##### SOURCE MATERIAL

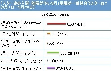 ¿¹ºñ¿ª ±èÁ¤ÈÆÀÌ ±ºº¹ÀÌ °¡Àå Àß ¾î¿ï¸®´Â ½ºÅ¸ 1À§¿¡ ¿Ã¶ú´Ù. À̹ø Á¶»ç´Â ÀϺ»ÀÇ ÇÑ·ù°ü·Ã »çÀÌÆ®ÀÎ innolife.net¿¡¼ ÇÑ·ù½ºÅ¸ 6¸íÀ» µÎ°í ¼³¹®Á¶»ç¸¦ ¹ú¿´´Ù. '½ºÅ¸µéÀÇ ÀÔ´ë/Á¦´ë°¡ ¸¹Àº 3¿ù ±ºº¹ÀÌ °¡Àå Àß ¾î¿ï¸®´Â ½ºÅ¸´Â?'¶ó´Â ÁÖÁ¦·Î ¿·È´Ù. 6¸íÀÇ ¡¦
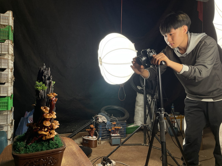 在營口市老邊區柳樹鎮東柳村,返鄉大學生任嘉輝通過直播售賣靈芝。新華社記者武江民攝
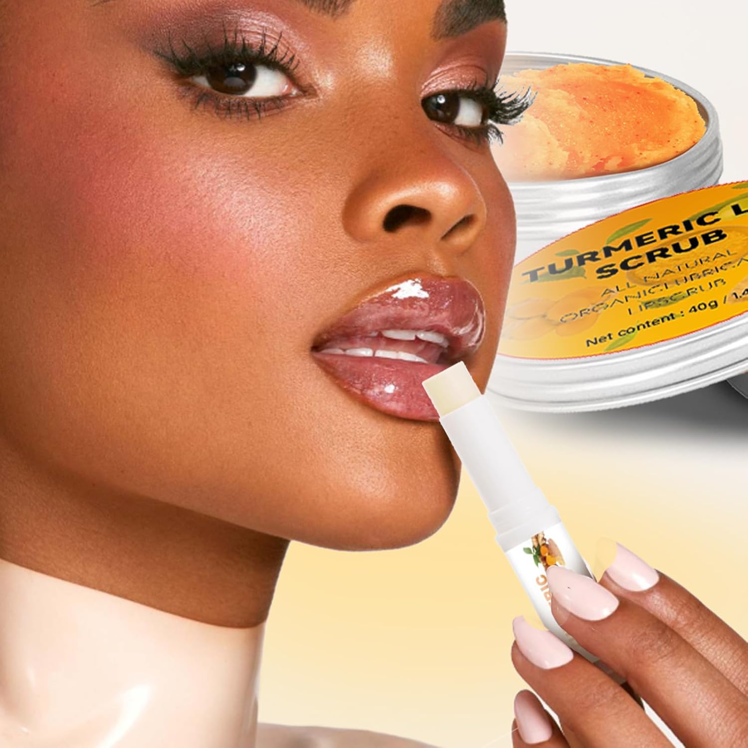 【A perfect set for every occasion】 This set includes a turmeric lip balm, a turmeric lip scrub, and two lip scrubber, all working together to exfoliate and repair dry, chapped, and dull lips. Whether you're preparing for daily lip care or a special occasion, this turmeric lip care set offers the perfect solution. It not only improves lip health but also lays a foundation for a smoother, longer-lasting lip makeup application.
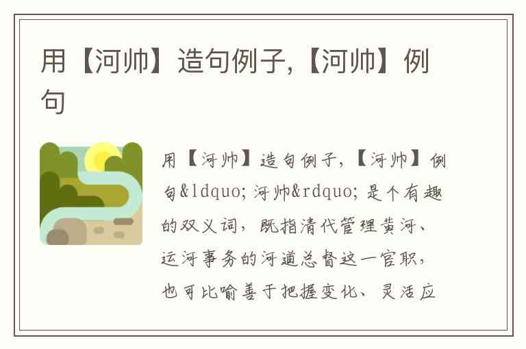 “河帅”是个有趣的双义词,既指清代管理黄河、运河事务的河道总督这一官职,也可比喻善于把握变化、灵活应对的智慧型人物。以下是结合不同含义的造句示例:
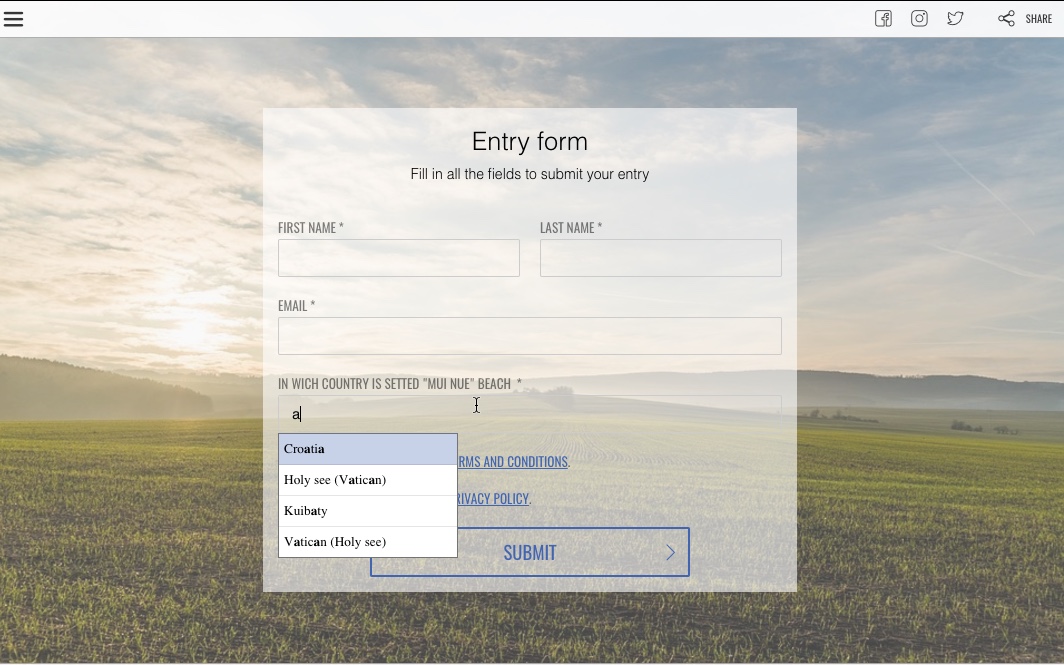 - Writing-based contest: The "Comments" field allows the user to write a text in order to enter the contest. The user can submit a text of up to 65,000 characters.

##########

I would like the data copied exactly as it stands, with no pictures included.

 ¿¹ºñ¿ª ±èÁ¤ÈÆÀÌ ±ºº¹ÀÌ °¡Àå Àß ¾î¿ï¸®´Â ½ºÅ¸ 1À§¿¡ ¿Ã¶ú´Ù. À̹ø Á¶»ç´Â ÀϺ»ÀÇ ÇÑ·ù°ü·Ã »çÀÌÆ®ÀÎ innolife.net¿¡¼ ÇÑ·ù½ºÅ¸ 6¸íÀ» µÎ°í ¼³¹®Á¶»ç¸¦ ¹ú¿´´Ù. '½ºÅ¸µéÀÇ ÀÔ´ë/Á¦´ë°¡ ¸¹Àº 3¿ù ±ºº¹ÀÌ °¡Àå Àß ¾î¿ï¸®´Â ½ºÅ¸´Â?'¶ó´Â ÁÖÁ¦·Î ¿·È´Ù. 6¸íÀÇ ¡¦
 在營口市老邊區柳樹鎮東柳村,返鄉大學生任嘉輝通過直播售賣靈芝。新華社記者武江民攝
 【A perfect set for every occasion】 This set includes a turmeric lip balm, a turmeric lip scrub, and two lip scrubber, all working together to exfoliate and repair dry, chapped, and dull lips. Whether you're preparing for daily lip care or a special occasion, this turmeric lip care set offers the perfect solution. It not only improves lip health but also lays a foundation for a smoother, longer-lasting lip makeup application.
 “河帅”是个有趣的双义词,既指清代管理黄河、运河事务的河道总督这一官职,也可比喻善于把握变化、灵活应对的智慧型人物。以下是结合不同含义的造句示例:
 - Writing-based contest: The "Comments" field allows the user to write a text in order to enter the contest. The user can submit a text of up to 65,000 characters.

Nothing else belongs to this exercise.